Instructions to follow: Below, find the line containing "Multiple Application Scenarios: You" and the line containing "同期,全国火电设备平均利用小"; reproduce exactly those two and every line between them, omitting pictures.

(Given records)

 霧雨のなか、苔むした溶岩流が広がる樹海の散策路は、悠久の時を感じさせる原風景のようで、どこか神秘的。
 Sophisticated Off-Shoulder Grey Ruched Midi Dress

(End Given records)
(Given records)

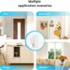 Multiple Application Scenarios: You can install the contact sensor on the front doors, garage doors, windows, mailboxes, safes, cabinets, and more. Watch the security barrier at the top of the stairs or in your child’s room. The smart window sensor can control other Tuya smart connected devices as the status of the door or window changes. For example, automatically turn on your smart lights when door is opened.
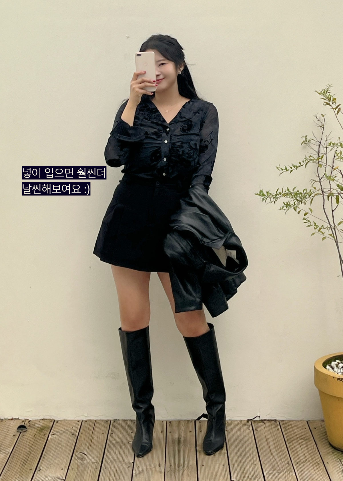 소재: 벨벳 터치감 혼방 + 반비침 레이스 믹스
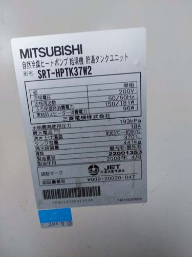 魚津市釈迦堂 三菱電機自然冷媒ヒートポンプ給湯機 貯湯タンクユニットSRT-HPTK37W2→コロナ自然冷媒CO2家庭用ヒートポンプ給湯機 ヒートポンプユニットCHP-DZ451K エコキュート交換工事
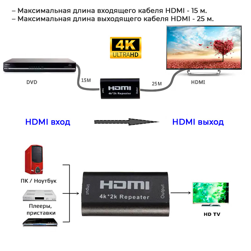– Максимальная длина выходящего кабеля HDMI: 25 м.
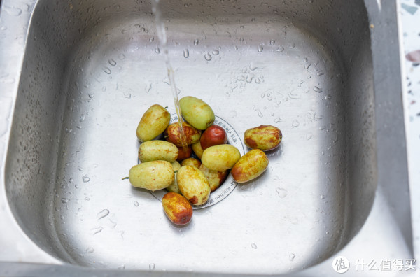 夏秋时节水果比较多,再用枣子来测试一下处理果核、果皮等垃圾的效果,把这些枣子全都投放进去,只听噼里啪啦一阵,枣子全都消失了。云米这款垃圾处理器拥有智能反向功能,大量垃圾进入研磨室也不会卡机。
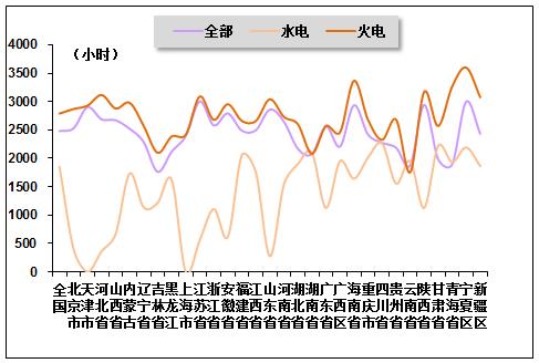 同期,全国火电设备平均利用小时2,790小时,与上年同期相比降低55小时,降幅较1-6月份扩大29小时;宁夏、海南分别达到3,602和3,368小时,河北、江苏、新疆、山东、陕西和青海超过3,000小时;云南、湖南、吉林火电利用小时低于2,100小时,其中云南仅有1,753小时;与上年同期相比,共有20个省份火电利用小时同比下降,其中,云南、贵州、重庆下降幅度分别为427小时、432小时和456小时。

(End Given records)

Exercise output:
 Multiple Application Scenarios: You can install the contact sensor on the front doors, garage doors, windows, mailboxes, safes, cabinets, and more. Watch the security barrier at the top of the stairs or in your child’s room. The smart window sensor can control other Tuya smart connected devices as the status of the door or window changes. For example, automatically turn on your smart lights when door is opened.
 소재: 벨벳 터치감 혼방 + 반비침 레이스 믹스
 魚津市釈迦堂 三菱電機自然冷媒ヒートポンプ給湯機 貯湯タンクユニットSRT-HPTK37W2→コロナ自然冷媒CO2家庭用ヒートポンプ給湯機 ヒートポンプユニットCHP-DZ451K エコキュート交換工事
– Максимальная длина выходящего кабеля HDMI: 25 м.
 夏秋时节水果比较多,再用枣子来测试一下处理果核、果皮等垃圾的效果,把这些枣子全都投放进去,只听噼里啪啦一阵,枣子全都消失了。云米这款垃圾处理器拥有智能反向功能,大量垃圾进入研磨室也不会卡机。
 同期,全国火电设备平均利用小时2,790小时,与上年同期相比降低55小时,降幅较1-6月份扩大29小时;宁夏、海南分别达到3,602和3,368小时,河北、江苏、新疆、山东、陕西和青海超过3,000小时;云南、湖南、吉林火电利用小时低于2,100小时,其中云南仅有1,753小时;与上年同期相比,共有20个省份火电利用小时同比下降,其中,云南、贵州、重庆下降幅度分别为427小时、432小时和456小时。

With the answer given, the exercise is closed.